Traceback (most recent call last):
  File "/home/bigj/Jaysinh/cpython_git/cpython/Lib/test/test_re.py", line 1422, in test_locale_flag
    self.assertTrue(pat.match(bletter))
AssertionError: None is not true

Ran 120 tests in 2.079s

FAILED (failures=1, skipped=1)
test test_re failed
test_re failed

1 test failed:
test_re

Total duration: 2 sec
Tests result: FAILURE

Local value:
$>locale
LANG=en_IN
LANGUAGE=en_IN:en
LC_CTYPE="en_IN"
LC_NUMERIC="en_IN"
LC_TIME="en_IN"
LC_COLLATE="en_IN"
LC_MONETARY="en_IN"
LC_MESSAGES="en_IN"
LC_PAPER="en_IN"
LC_NAME="en_IN"
LC_ADDRESS="en_IN"
LC_TELEPHONE="en_IN"
LC_MEASUREMENT="en_IN"
LC_IDENTIFICATION="en_IN"
LC_ALL=

Operating system: Ubuntu 16.04 LTS(64 bit)

mrabarnett · 2017-02-15T18:56:17Z

I'm just wondering whether the problem is just due to the locale's encoding being UTF-8. The locale support in re really only works with encodings that use 1 byte/character.

serhiy-storchaka · 2017-02-15T19:03:28Z

Locale encoding is ISO8859-1. This test is skipped on non 8-bit locale.

This is a problem with tests, not with the re module. I don't have a solution.

mrabarnett · 2017-02-15T19:25:47Z

The report says "== encodings: locale=UTF-8, FS=utf-8".

It says that "test_locale_caching" was skipped, but also that "test_locale_flag" failed.

serhiy-storchaka · 2017-02-15T22:57:27Z

Good point. The test used locale.getlocale() and it returned returned ('en_IN', 'ISO8859-1').

Following patch makes the test using locale.getpreferredencoding(False), the same encoding as was reported at the header of test report.

vstinner · 2017-02-15T22:58:47Z

Following patch ...

Seriously? Not a GitHub pull request? ;-) (old habit?)

serhiy-storchaka · 2017-02-16T12:05:05Z

Seriously? Not a GitHub pull request? ;-) (old habit?)

I'm not experienced with git, and devguide still looks not ready.

ncoghlan · 2017-02-18T05:04:16Z

I have a few folks hitting this at the PyCon Pune sprints, so I'm going to apply Serhiy's patch :)

ncoghlan · 2017-02-18T08:54:01Z

Looking into this at the PyCon Pune sprints, the problem appears to be arising due to the following difference in behaviour when the unqualifed en_IN locale is set:

$ LANG=en_IN.UTF-8 python3 -c "import locale; print(locale.getlocale(locale.LC_CTYPE), locale.getpreferredencoding(False), sep='\n')"
('en_IN', 'UTF-8')
UTF-8

$ LANG=en_IN python3 -c "import locale; print(locale.getlocale(locale.LC_CTYPE), locale.getpreferredencoding(False), sep='\n')"
('en_IN', 'ISO8859-1')                                                                                                       
UTF-8

re.LOCALE is presumably picking up the "UTF-8" rather than the "ISO8859-1", and hence the test is failing.

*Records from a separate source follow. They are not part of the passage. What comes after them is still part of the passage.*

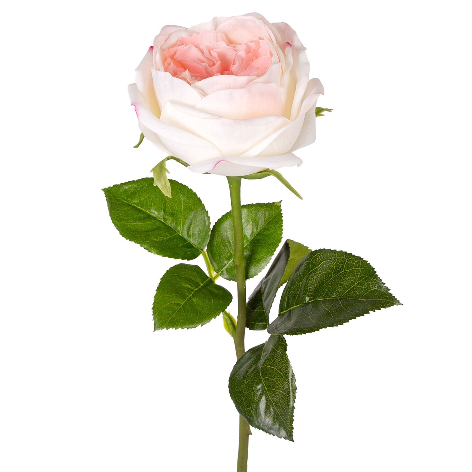 Yapay Çiçek, Gül, Islak Dokulu, Beyaz-Pembe - 48 cm
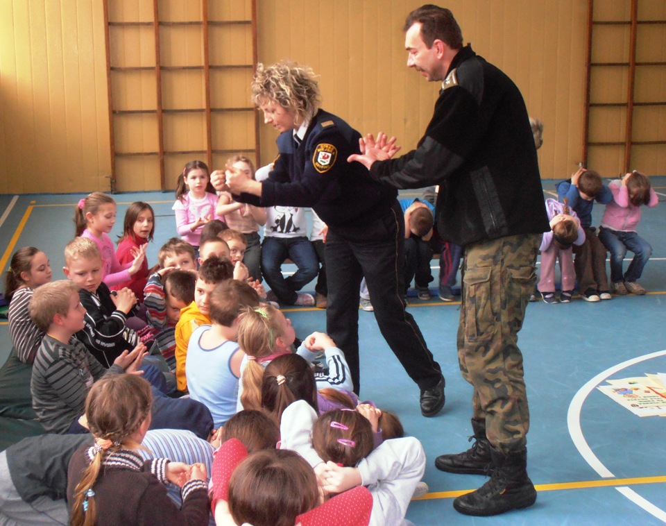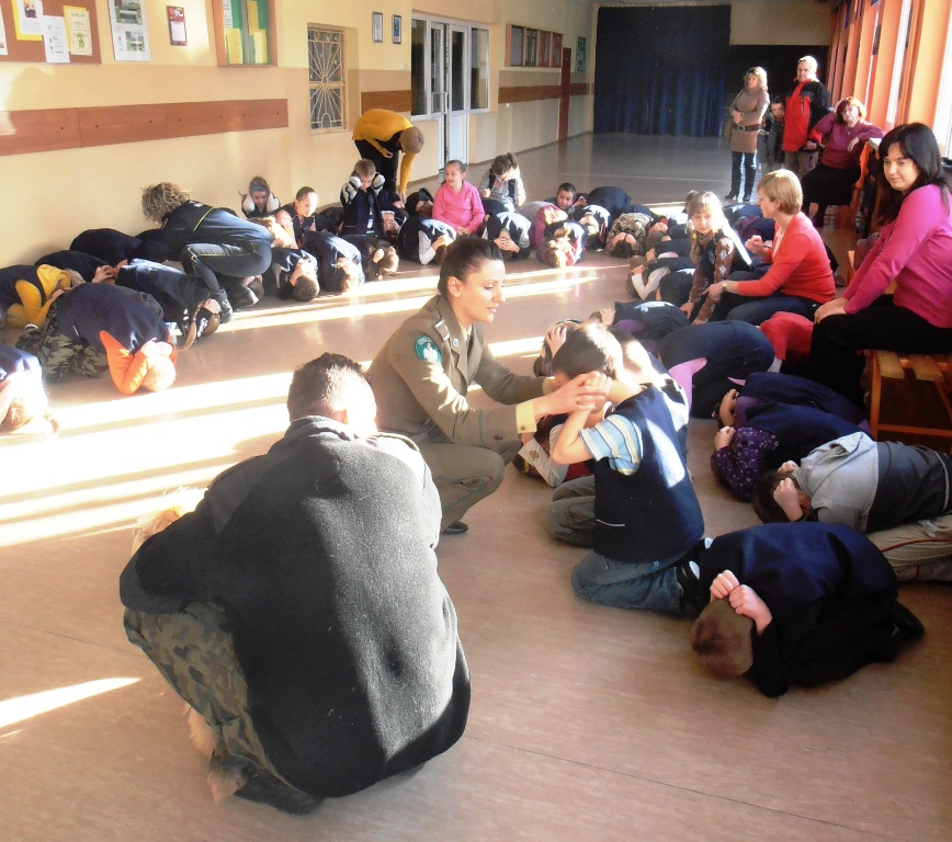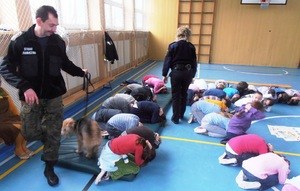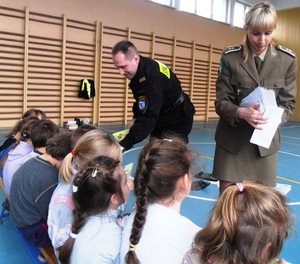 Funkcjonariusze z Placówki Straży Granicznej w Szczecinie w ramach współdziałania z innymi służbami i instytucjami samorządowymi po raz kolejny wsparli program ,,Bezpieczna Gmina Gryfino”. Realizując jedno z wielu założeń programu wspólnie z funkcjonariuszami Straży Miejskiej z Gryfina i Straży Gminnej z Kołbaskowa uczestniczyli w akcji pn. ,,Mój przyjaciel pies 2012”. Zajęcia edukacyjno - profilaktyczne przeprowadzone zostały w II klasach szkół podstawowych z rejonu gryfińskiego. Celem spotkań było przekazanie dzieciom wiedzy na temat odpowiedniego traktowania zwierząt, obowiązków wynikających z ich posiadania oraz podstawowych zasad postępowania w kontakcie z obcym często bezpańskim psem, którego możemy spotkać na naszej drodze do szkoły, domu, sklepu, czy też na spacerze. W trakcie praktycznych zajęć omówione i przedstawione zostały sposoby i bezpieczne postawy obrony przed atakiem psa. Uczniowie z dużą uwagą i zaangażowaniem uczestniczyli w zajęciach, brali czynny udział w dyskusji, jednak największe i niezapomniane wrażenie wzbudził pies służbowy z PSG w Szczecinie. Udział psa służbowego ww. akcji uatrakcyjnił spotkania z dziećmi i pozwolił na dokładniejsze zobrazowanie podejmowanego tematu.
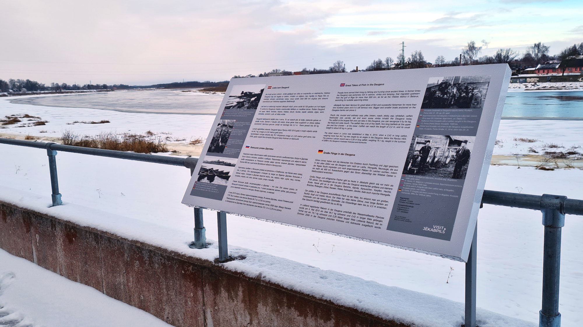 Jēkabpilī šā gada nogalē ir veikta 13 informatīvo stendu atjaunošana uz Daugavas aizsargdambja. Stendi tika uzstādīti 2012. un 2013.gadā un 10 gadu laikā bija vizuāli nolietojušies un bojāti. Tagad tiem nomainītas metāla virsmas un uz tām esošā informatīvā apdruka. Stendi sniedz informāciju par Daugavas ūdensceļa kultūrvēsturisko mantojumu un Daugavas nozīmi Jēkabpils un Krustpils vēsturē. Tajos var lasīt par to, kā Daugavas krastos dzīvojuši zvejnieki, kādi bijuši lielākie lomi, kā izskatījusies un darbojusies Daugavas pārceltuve, kāda ir tilta pār Daugavu un aizsargdambja tapšanas vēsture, kā arī par plūdiem un citām tēmām. Informāciju papildina vēsturiskas fotogrāfijas no muzeju un kolekcionāru krājumiem. Informācija lasāma latviešu, krievu, angļu un vācu valodā.

serhiy-storchaka · 2017-02-18T09:25:59Z

Yes, please push it Nick.

ncoghlan · 2017-02-18T09:31:25Z

New changeset ace5c0f by GitHub in branch 'master':
bpo-29571: Use correct locale encoding in test_re (#149)
ace5c0f

ncoghlan · 2017-02-19T04:33:37Z

New changeset 0683d68 by GitHub in branch '3.6':
[3.6] bpo-29571: Use correct locale encoding in test_re (#149) (#153)
0683d68

ncoghlan · 2017-02-19T04:33:52Z

New changeset 760f596 by GitHub in branch '3.5':
[3.5] bpo-29571: Use correct locale encoding in test_re (#149) (#154)
760f596

zware · 2017-03-06T01:34:31Z

This seems to have broken test_re on Windows, see https://ci.appveyor.com/project/python/cpython/build/3.7.0a0.1

I found this change to be the culprit via git bisect, unfortunately we didn't have any working CI on Windows (buildbots were otherwise broken) at the time this was merged.

benjaminp · 2017-03-06T07:52:43Z

Yep, I think we should merge #422 and revert ncoghlan's change.

serhiy-storchaka · 2017-03-06T07:54:36Z

I'm not sure this will help on Windows.

serhiy-storchaka · 2017-03-06T07:55:15Z

And I don't understand why my fix doesn't work on Windows.

benjaminp · 2017-03-06T07:55:22Z

But the test was never broken on windows.

On Sun, Mar 5, 2017, at 23:54, Serhiy Storchaka wrote:

Serhiy Storchaka added the comment:

I'm not sure this will help on Windows.

----------

Python tracker <report@bugs.python.org>
<http://bugs.python.org/issue29571\>

benjaminp · 2017-03-06T07:55:56Z

getpreferredencoding() takes a completely different path on windows
(returns a codepage) and isn't related to the C locale.

ncoghlan · 2017-03-06T07:58:37Z

I'm with Serhiy on this one: if the "re" module isn't using locale.getpreferredencoding(), then there's something odd going on.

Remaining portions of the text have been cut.